NOTE: Full spoilers for the book contained below.
Essie lay there for a while reading her book. She had to stop every few minutes to refocus herself and re-read half a page, pushing off red thoughts of Leonard’s inconsiderate behavior. He could be a real bastardo sometimes.
I think Essie is rather justified in her irritation at Leonard. He’s inconsiderate when he gets flustered, and she although he always apologies afterward and they make up, it’s tough to look forward to that in the midst of being mistreated.
[Cherry] stood up and waved for Essie to stop.
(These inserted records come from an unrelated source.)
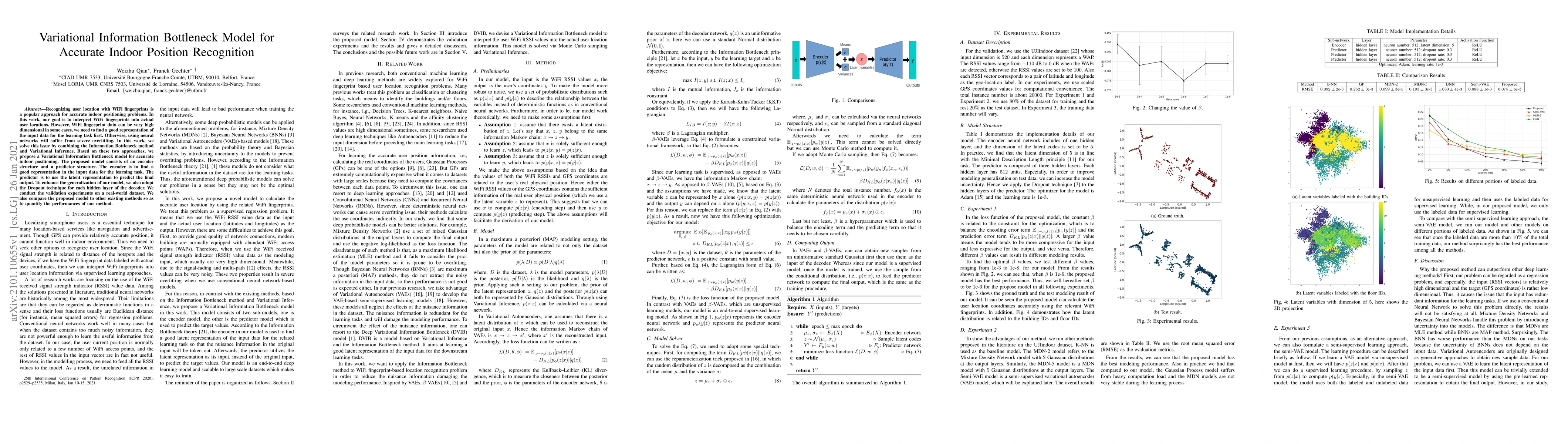 Recognizing user location with WiFi fingerprints is a popular approach for accurate indoor positioning problems. In this work, our goal is to interpret WiFi fingerprints into actual user locations. However, WiFi fingerprint data can be very high dimensional in some cases, we need to find a good representation of the input data for the learning task first. Otherwise, using neural networks will suffer from severe overfitting. In this work, we solve this issue by combining the Information Bottleneck method and Variational Inference. Based on these two approaches, we propose a Variational Information Bottleneck model for accurate indoor positioning. The proposed model consists of an encoder structure and a predictor structure. The encoder is to find a good representation in the input data for the learning task. The predictor is to use the latent representation to predict the final output. To enhance the generalization of our model, we also adopt the Dropout technique for each hidden layer of the decoder. We conduct the validation experiments on a real-world dataset. We also compare the proposed model to other existing methods so as to quantify the performances of our method.
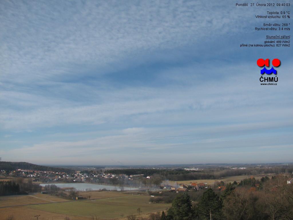 Skoro jasno 1/8, tlak 1021,5hPa, vítr SSV 14° 7km/hod., vlhkost 66,6%, viditelnost 15km, zákl.mraků 893m.
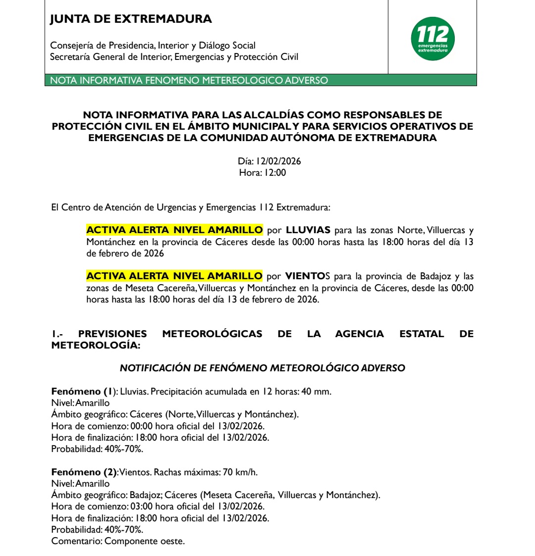 Aviso AEMET FMA LLUVIA Y VIENTO. Centro 112 amplia ALERTA A NIVEL NARANJA por LLUVIAS para Norte Prov. Cáceres. ALERTA AMARILLA LLUVIAS Villuercas y Montánchez, Tajo y Alagón y Meseta Cacereña Prov. Cáceres. Acumulado en 12h: 40mm. De 00:00h a 18:00h del día 5/02/26. ALERTA AMARILLA LLUVIAS Barros y Serena y Sur Prov. Badajoz. Acumulado 40mm hasta las 12:00h. del 5/02/26. Amplía ALERTA NIVEL AMARILLO VIENTOS Rachas:80 km/h para toda Extremadura -
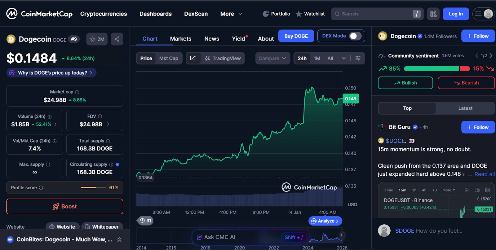 当人们寻找最值得购买的廉价山寨币时,狗狗币(Dogecoin)常常因其知名度而榜上有名。它没有提供复杂的功能,而这正是其吸引力所在。对于日常使用和品牌认知度而言,它扮演着明确的角色。这种简洁性有助于您决定它在您的投资组合中的位置。
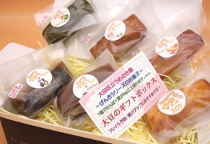 米粉を使用したクッキーやケーキ、大豆粉を使用したケーキ、糖質オフのクッキーや ケーキ等を作成しています。中でも大豆ケーキは味も6種類と豊富で、しっとりした味わいが特徴です。1個でたんぱく質を6g以上摂ることができます。
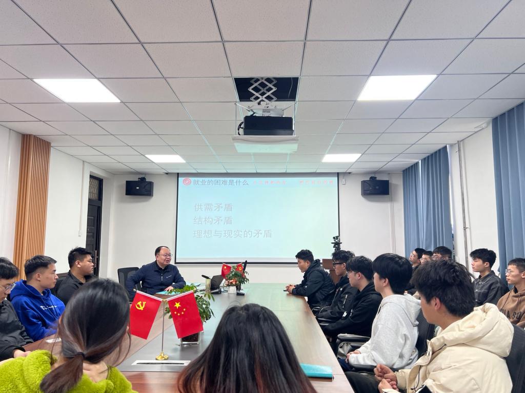 会上,王斌为同学们作2024届毕业生就业形势分析,全面梳理了当前的就业现状及未来行业发展态势。他以2024届毕业生就业情况及就业意向的调研数据为依托,详细解答了同学们关于毕业后选择就业还是考研的疑惑。他通过深入剖析求职与读研的优劣,分享往年成功案例,为同学们提供了宝贵的参考。

She dug through her purse and produced a bottle of pills.
. . .
Essie popped a pill dry–she’d gotten good at that over the years–and then returned the bottle.
The way things are going, I keep wondering if anything the characters ate or drank was drugged in some way. In this case, I suspect not; I think that Cherry is a genuinely good person caught up in something horrific, and in this chapter she’s struggling to reconcile her good-heartedness with what she’s being asked to do in spreading the message she knows is hurting people.
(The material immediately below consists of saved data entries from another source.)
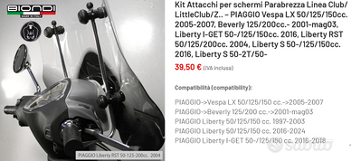 Vendo per errato acquisto kit attacchi marca Biondi, codice 8500705, per schermi parabrezza marca Biondi (Linea Club/LittleClub/Z.. – PIAGGIO Vespa LX 50/125/150cc. 2005-2007, Beverly 125/200cc.- 2001-mag03, Liberty I-GET 50-/125/150cc. 2016, Liberty RST 50/125/200cc. 2004, Liberty S 50-/125/150cc. 2016, Liberty S 50-2T/50-Piaggio Vespa LX 50/125/150, Liberty, Liberty S e Beverly). Sistema di fissaggio in acciaio, solido e di facile montaggio. Prodotto nuovo e completo di istruzioni di montaggio e confezione originale. Non adatto per schermo originale Piaggio Vespa LX pertanto, prima di procedere all'acquisto, verificare la compatibilità con gli schermi marca Biondi.
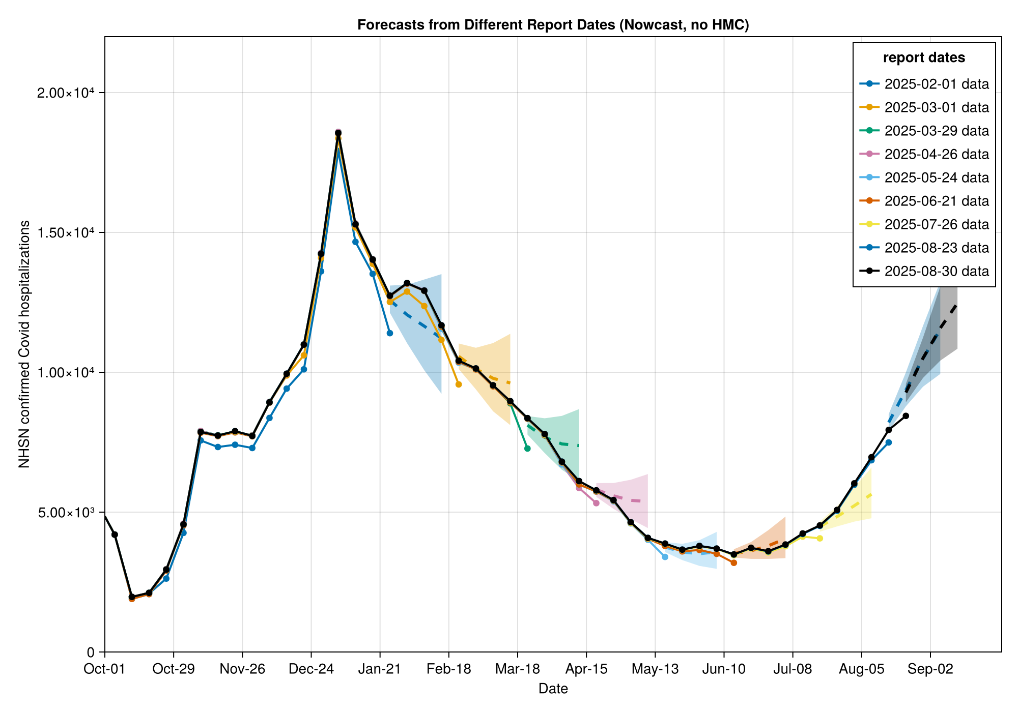 "Forecasts from Different Report Dates (Nowcast, no HMC)";
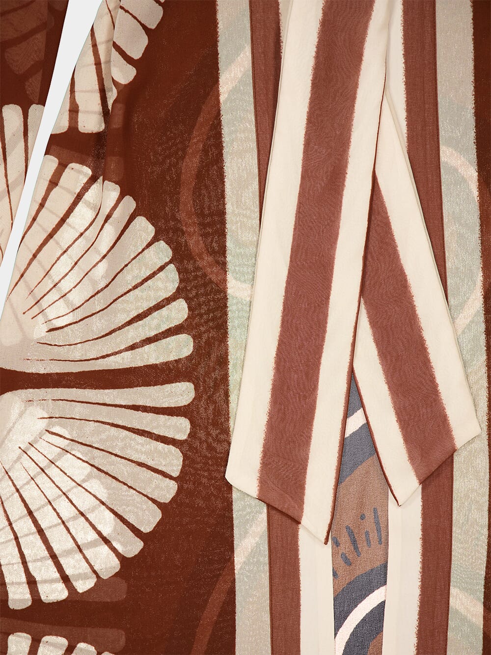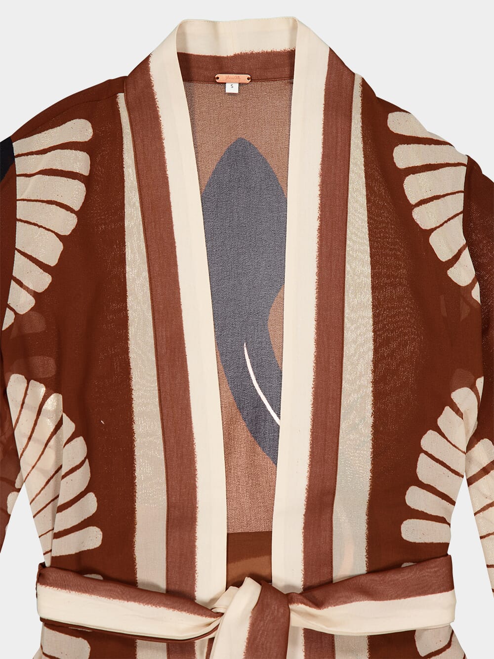 Feel the summer vibes with this kimono, boasting a mother boa-inspired print. Its sash detail provides versatile styling options, perfect for lounging by the pool or embarking on new adventures. Layer it over a swimsuit with woven sandals for an effortlessly chic beach ensemble.
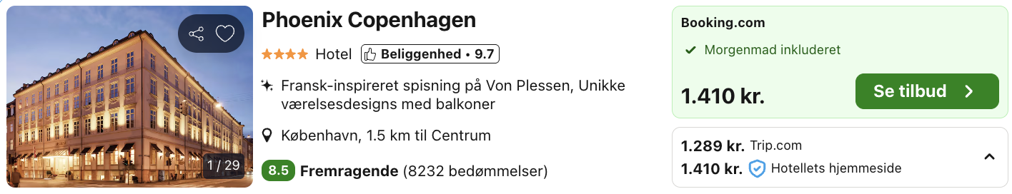 Bemærk: Den samlede pris for opholdet er 1.289,- for 2 personer i et dobbeltværelse med morgenmad, hvilket svarer til 645,- per person. Rejs365 er ikke et rejsebureau, men en rejseside der finder gode tilbud! – Vi modtager kommission, men det påvirker ikke din pris! Læs mere her |
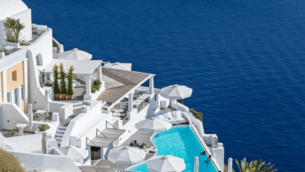 The Katikies Hotel in Santorini is another iconic clifftop retreat. Whitewashed domes and terraces overlook the Aegean Sea. Guests enjoy infinity pools and luxurious suites. Interiors are chic yet traditionally Greek. Dining includes rooftop restaurants with panoramic views. It is popular among couples and luxury travelers. Katikies offers a magical Santorini experience.

I suppose Cherry’s last name, Romero, is a reference to the director of Night of the Living Dead, George A. Romero, although I’ve never actually seen that one so…does it really count?
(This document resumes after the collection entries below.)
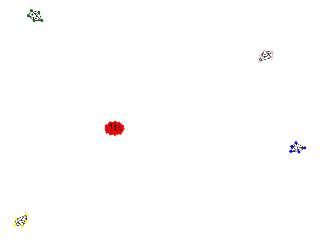 将每个球员当作网络图中一个节点,计算节点之间的连通关系,同属一个俱乐部则连通。
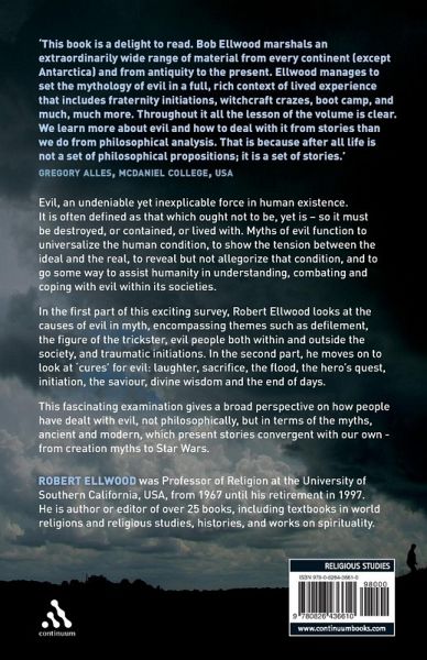 Evil, an undeniable yet inexplicable force in human existence, is often defined as that which ought not to be, yet is - so it must be destroyed, or contained, or lived with. Myths of evil function to universalize the human condition, to show the tension between the ideal and the real, to reveal but not allegorize that condition, and to go some way to assist humanity in understanding, combating, and coping with evil within its societies. Tales of Darkness explores the causes of evil in myth, encompassing themes such as defilement, the figure of the trickster, evil people both within and outside the society, and traumatic initiations. Robert Ellwood then looks at "cures" for evil: laughter, sacrifice, the flood, the hero's quest, initiation, the savior, divine wisdom and the end of days. This is a fascinating examination of how people have dealt with evil, not philosophically but in terms of the myths, ancient and modern, which present stories convergent with our own, from creation myths to Star Wars.
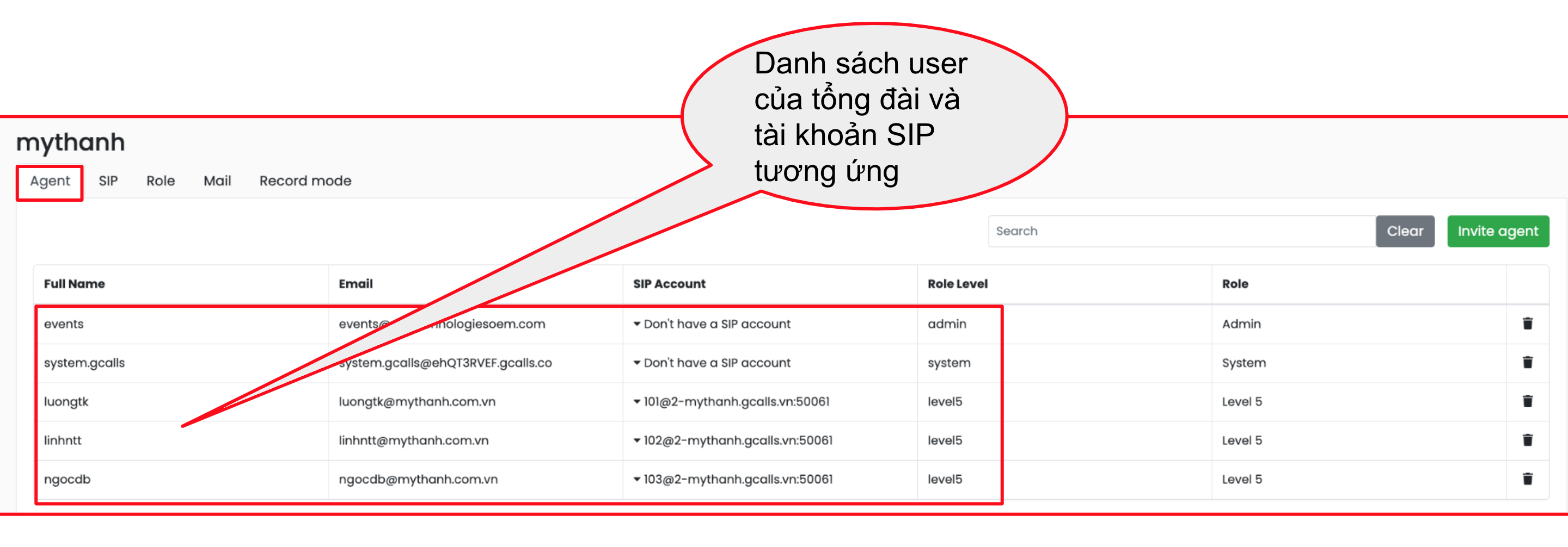 Bấm vào biểu tượng con mắt của tổng đài cần kiểm tra, ví dụ mythanh, ta thấy:
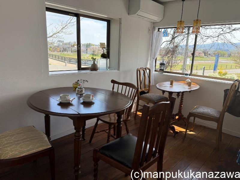 それぞれの席で異なるアンティークのテーブルやイスがステキで、北欧のカフェみたいな?
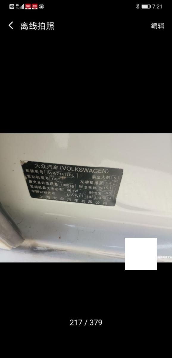 初次登记日期 2015-12-09 车辆名称 大众 朗逸
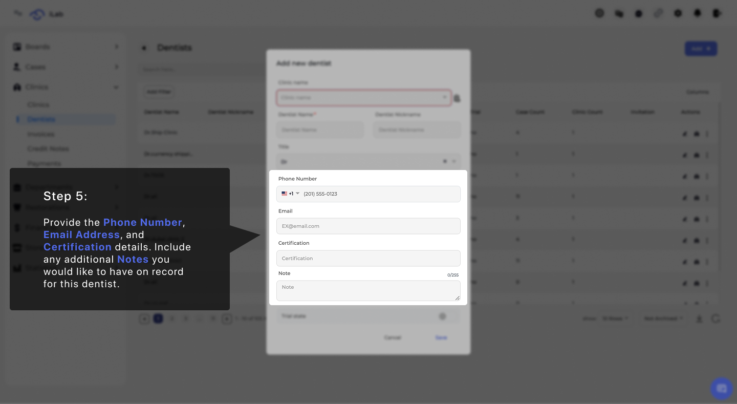 This section is for the dentist’s contact info and professional credentials. Enter their Phone Number and Email Address so they can receive case updates. You can also record their Certifications and use the Notes box to save any specific clinical preferences they have.

(Maxine:) “One thing you learn as you age is that you never really overcome your flaws. Your…problems. They aren’t just passing illnesses. They stick in you, like thorns. If you pick at them, they only get deeper. The only thing you can do is learn how to live with them. Don’t brush them against anything. Take whatever you need to take to dull the pain.
“That’s what Mom and Dad don’t get. Dad especially. He never got over his wife and kid dying—he just tried to bury it.”
This is, perhaps, Maxine’s motivation in a nutshell. I left vague the specifics of the events that led to her developing this worldview. With the exception of knowing that her mother’s death shook her, we don’t know what exactly these “flaws” and “problems” are that she is so bitter about.
Personally, I think she’s a little more unsettling that way. She’s so closed off that she won’t even try to help you understand her way of thinking.
Why did she become the person she is now? She had unfulfilled expectations for life, went through hard things, and let that make her bitter. It gave her a thirst for relief and recompense so intense that she would “take whatever she needed”–including swallowing a degenerate and evil ideology–“to dull the pain.”
Classroom 120 was enormous, looking more like an auditorium than any other classroom Julia had ever entered.
. . .
The slides began to switch more rapidly. Each showed photos highlighting excerpts from books. Certain specific words were in red, while general statements surrounding them were in yellow.
Simultaneously the crowd of students erupted in rage, shouting and clamoring almost indecipherably. Julia’s jaw fell further, and she froze.
This whole scene is inspired by the Two Minutes’ Hate in George Orwell’s 1984.
It was intended to be the first truly unsettling scene in the book, the moment where we understand that something is going hugely wrong here, even if we don’t really understand what it is. Julia is unfortunate enough to be thrown into the fire.
Maxine didn’t necessarily expect that the class would get to that level of furor. She’s so absorbed in her own way of thinking that she wasn’t wary enough of the potential consequences taking Julia along could bring. I suspect that most of the classes wouldn’t be quite so extreme, at least not that early in the semester.